Back on Main Street, Fr. Tom suddenly noticed that there were people on the
street, including youngsters.  Why weren't they at work or in school?  Oh,
yes, Armistice Day...  He also noticed a "mom & pop grocery" that was still
doing business.  Several bins of fruit and vegetables stood outside the
main entrance to the store.  Lurking in the vicinity was a small band of
young teens, apparently headed by a redheaded waif who boldly 'lifted"
several apples from one of the bins.  As an elderly women - Eileen Murphy,
his volunteer housekeeper who had greeted him the night before at the
rectory! - hurried out of the store with an upraised broom handle, the boy
turned abruptly and ran smack into Fr. Tom.  His scholarship wrestling days
at Holy Cross still fresh in his mind, the priest applied a headlock on the
redhead and waited until Mrs. Murphy roared up with blood in her eye!
Convincing her that the boy was one of their fellow parishioners, he got
her to agree to release him to his care with the promise that he would
protect her interests more effectively than the police could!

"You ok, boyo?" Fr.

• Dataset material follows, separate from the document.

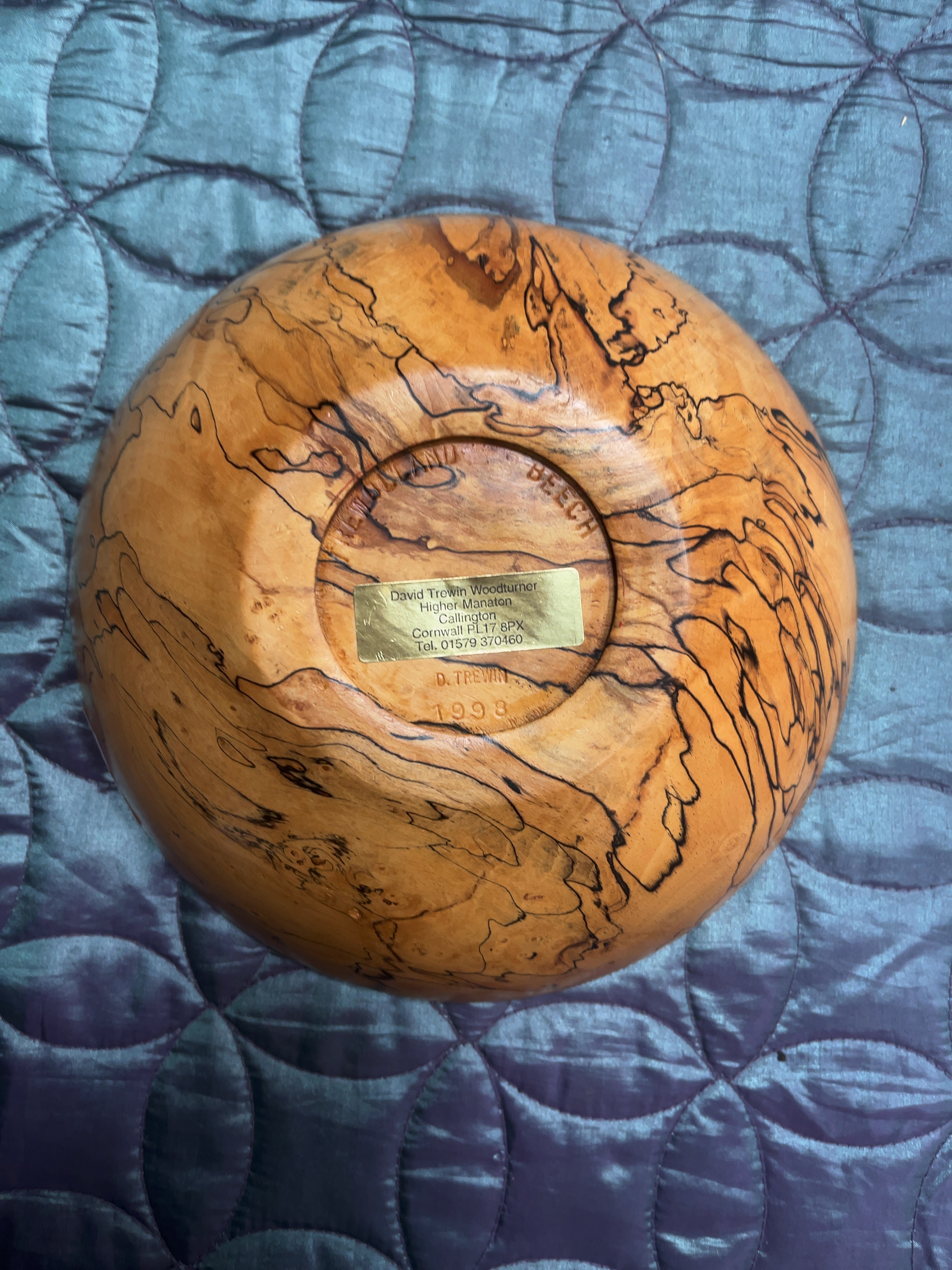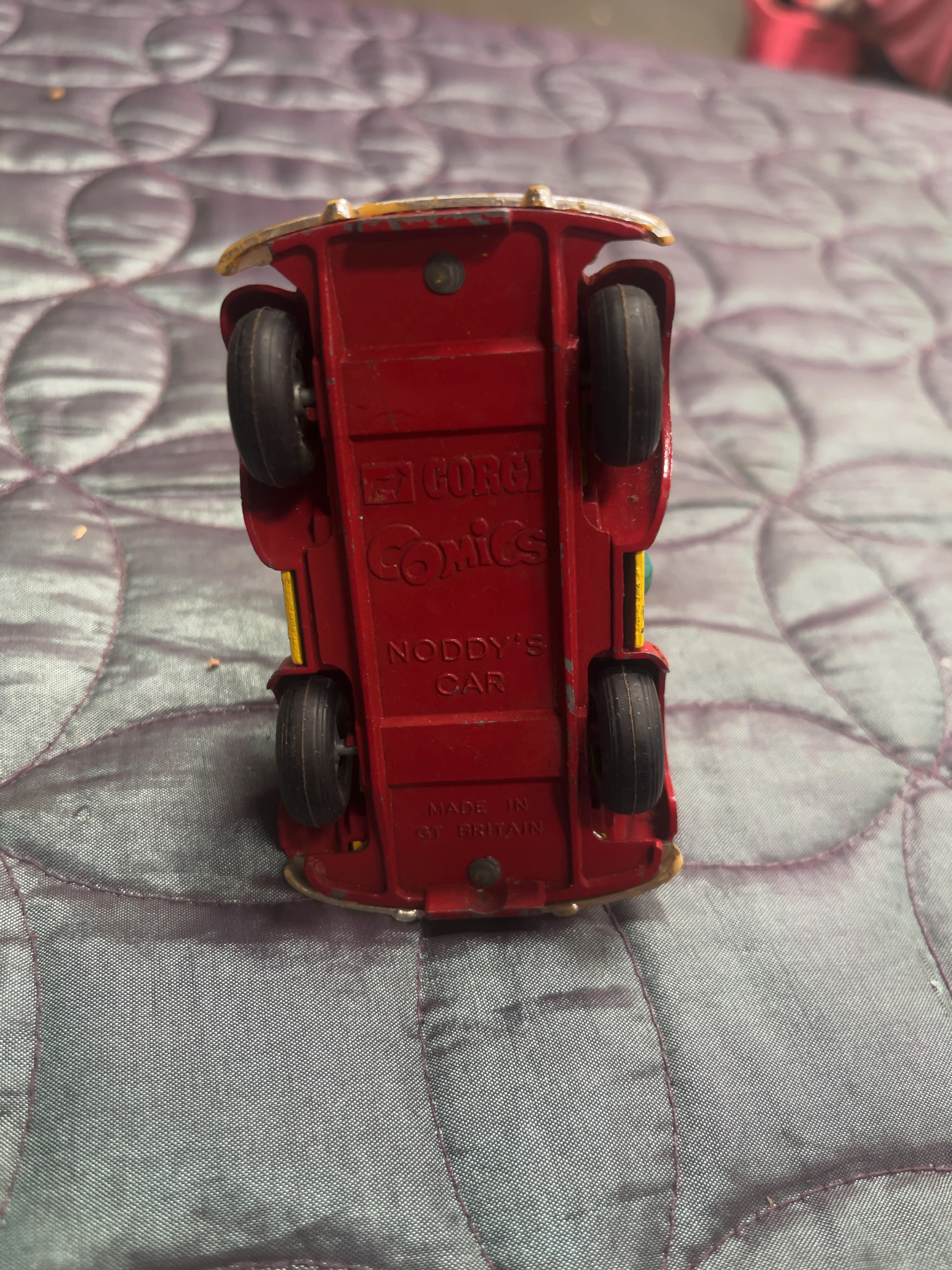 This lot comprises two distinct items: a character vehicle and a turned wood bowl. The first item is a Corgi Comics model of Noddys Car, identified as model number 804, featuring the characters Noddy and Big Ears seated in a yellow car with red wheel arches. The vehicle is constructed with a die-cast metal body, plastic figurines, and a plastic windshield, featuring a free-wheeling mechanism. The red-painted base is embossed with the Corgi dog logo, CORGI, Comics in stylized script, NODDYS CAR, and MADE IN GT. BRITAIN. The second item is a decorative bowl crafted from spalted beech, featuring natural black fungal line figuring through the grain. The base is incised with the material SPALTED BEECH, the maker D. TREWIN, and the date 1998. A rectangular gold-coloured label is also present on the base for David Trewin Woodturner, Higher Manaton, Callington, Cornwall.

Tom grunted as Mrs. Murphy retreated back into the
store.  "Yeah, Father," came a somewhat muffled response.  (It sounded more
like "Fodduh," but we'll stay with the standard spelling.)  "If I let up on
your ears, will you stand still and talk with me for a minute?"  the young
priest inquired.  "Yeah, Father."  Though he kept one hand securely locked
on the teen's collar, Father Tom slowly discontinued the headlock and
stepped away slightly.  Still standing relatively close together, each
young man contemplated the individual who had intruded on his life space.
"Fourteen," Fr. Tom thought, "sturdy...too developed for 13, maybe 5'5" -
even beginning to bulk up a bit for the 'Big-15' growth spurt - dark red
hair, slightly curly...and those eyes.  Oh, my God, those eyes...GREEN! -
and not a pale, washed out grayish-green, but a REAL green!"  About to
respond with an impudent grin as the priest's eyes surveyed him, Shane
McGuire stopped dead in his tracks, even blushed slightly, and looked down
at his feet.  Slowly raising his head, he gazed intently at the black-clad
athletic young man with the turned-around collar who was looking at him
with curiosity, but without apparent anger.  Could it be that he saw some
CONCERN in the priest's eyes?  "NAH...," he thought, "that's not the way
this world acts.  It'll fuck you every time!  Be careful, Shane-boy."  "I'm
Father Tom Burke.  You are?"  "Shane McGuire, Father," the boy said with
uncharacteristic passivity - and what was it...just a note of hope?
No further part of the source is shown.